5. During this comparative in-vitro testing, do you maintain blinding of samples and whether the blinding procedure is mentioned in the In-vitro protocol?
   The ISPS analysis of Blinded samples may be included in Validation study upon customer request.
6. Is RCI also suitable for DPI analysis?
   Yes, we offer ISPS analysis for DPI and MDI formulations using RCI. At Gateway Analytical, highly trained analysts can identify the PSDs of each of the active ingredients found in the fine particle fraction after actuation of the device, the amount of each drug that remains attached to carrier particles, and the number of drug particle aggregates.  Please refer to the White Paper: Analysis of Multi-Component Engineered Particles for Inhalation by Raman Chemical Imaging and the White Paper: Using Raman Chemical Imaging to Analyze Inhaled Combination Therapies
7. Is RCI similar to Malvern’s G3-ID?
   The technology utilized for ISPS by RCI is fundamentally different. Wide-field illumination RCI allows for obtaining Raman spectrum in each pixel with high spatial and spectral resolution in conjunction of Brightfield Reflectance image of the same Field of View (FOVs). Imaging modalities are collected in series parallel: Brightfield Imaging then Raman Chemical Imaging for thousands of randomly selected FOVs.  FOVs are collected as either: a montage or a coordinate list. Automated data acquisition accelerates the generation of data leading to larger number of particles and the capability of more representative sampling. How this works: Individual API particles are initially identified by their specific Raman spectrum. Each particle is treated with a unique intensity threshold to binarize the Raman chemical image and thus yielding a particle map. A feedback loop is initiated which confirms the chemical identity against the Raman spectrum and validates the particle size against the brightfield optical image. A single particle, for example, may be represented within a 30 pixel x 30 pixel field, with a spectrum collected for each pixel. By associating the spectra of the different chemicals with spectrum of each pixel in the RCI, it is possible to obtain a visual representation of the presence of each of the chemical within each FOV by correlating the data on a pixel-by-pixel basis.
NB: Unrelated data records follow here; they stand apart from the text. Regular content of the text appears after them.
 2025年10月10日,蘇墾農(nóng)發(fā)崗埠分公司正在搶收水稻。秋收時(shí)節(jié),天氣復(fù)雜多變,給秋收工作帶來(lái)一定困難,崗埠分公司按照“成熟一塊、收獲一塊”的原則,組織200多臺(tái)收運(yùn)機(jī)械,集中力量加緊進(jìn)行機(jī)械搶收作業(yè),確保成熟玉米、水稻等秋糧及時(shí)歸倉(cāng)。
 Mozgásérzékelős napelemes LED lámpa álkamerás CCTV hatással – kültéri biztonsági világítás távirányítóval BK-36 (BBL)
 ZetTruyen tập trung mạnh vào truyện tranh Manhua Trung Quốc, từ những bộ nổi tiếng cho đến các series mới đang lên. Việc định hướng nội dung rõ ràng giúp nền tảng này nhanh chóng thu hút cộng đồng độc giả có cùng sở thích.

8. Would you share if the FDA has accepted the in vitro equivalence data (as presented) and if they have given a clinical waiver for any generic program?
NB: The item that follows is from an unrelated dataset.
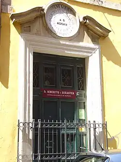 The already existing house chapel was converted into a church with a separate entrance in 1625, and given the dedication is because St Benedict started his monastic career at Norcia before moving to Montecassino. St Scholastica was his sister, and by tradition was the first Benedictine nun. After 1808, during the French occupation of Rome, the church was looted of its artworks and desecrated.[2] In 1841, the church was restored and reopened, and underwent further restoration under Pope Pius IX and Pope Leo XIII.[3] At present it is cherished by its small congregation.
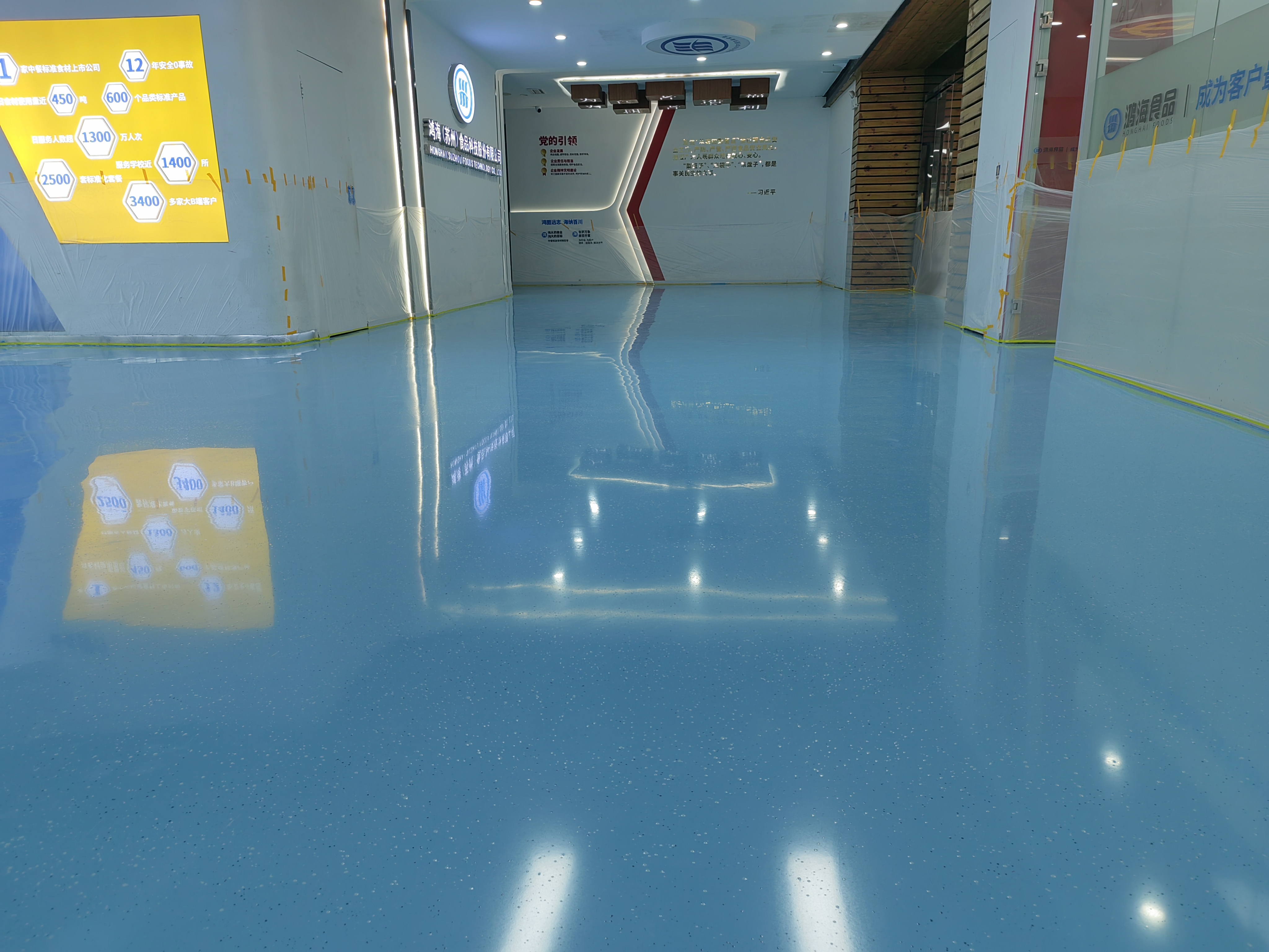 其产品具有表面强度高、耐磨损、不起尘、施工工期短、不易褪色、抗油脂、易清洁、不锈蚀等优点。

   The FDA has not shared with us if anyone has submitted their results using RCI for the CPO biowaver at this time. You are welcome to call the FDA office of Generic drug for further information on this topic and they encourage and welcome your calls for further information.
9. Have you communicate with FDA for this Bio-wavier issue? What are the FDA's comments?
   We have a very good working relationship with the FDA and the office of Generic drugs. We have also published a paper  with the FDA on this very topic using our RCI technique as discussed in the webinar.